[[ Input data, beginning ]]

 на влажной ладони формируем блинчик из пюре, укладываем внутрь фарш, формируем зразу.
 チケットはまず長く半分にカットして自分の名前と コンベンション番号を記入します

[[ Input data, end ]]
[[ Input data, beginning ]]

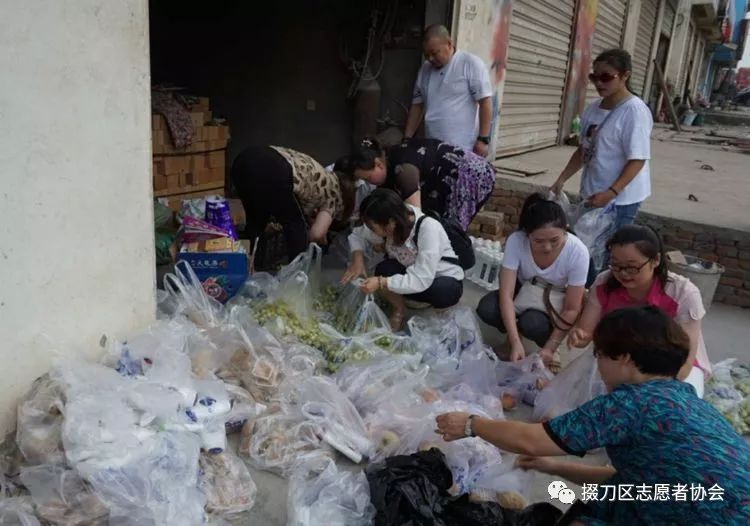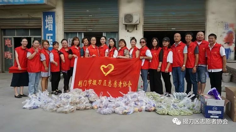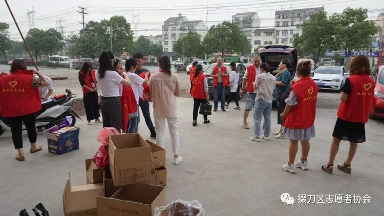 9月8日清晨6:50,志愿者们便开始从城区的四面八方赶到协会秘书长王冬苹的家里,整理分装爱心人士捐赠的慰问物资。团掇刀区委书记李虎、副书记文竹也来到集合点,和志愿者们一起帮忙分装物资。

[[ Input data, end ]]

*Requirement*
Once you reach the line with "на влажной ладони" in the data above, copy it and every line after it exactly, up to and including the line with "チケットはまず長く半分にカットして自分の名前と コンベンション番号を記入します".

*Answer area*
 на влажной ладони формируем блинчик из пюре, укладываем внутрь фарш, формируем зразу.
 チケットはまず長く半分にカットして自分の名前と コンベンション番号を記入します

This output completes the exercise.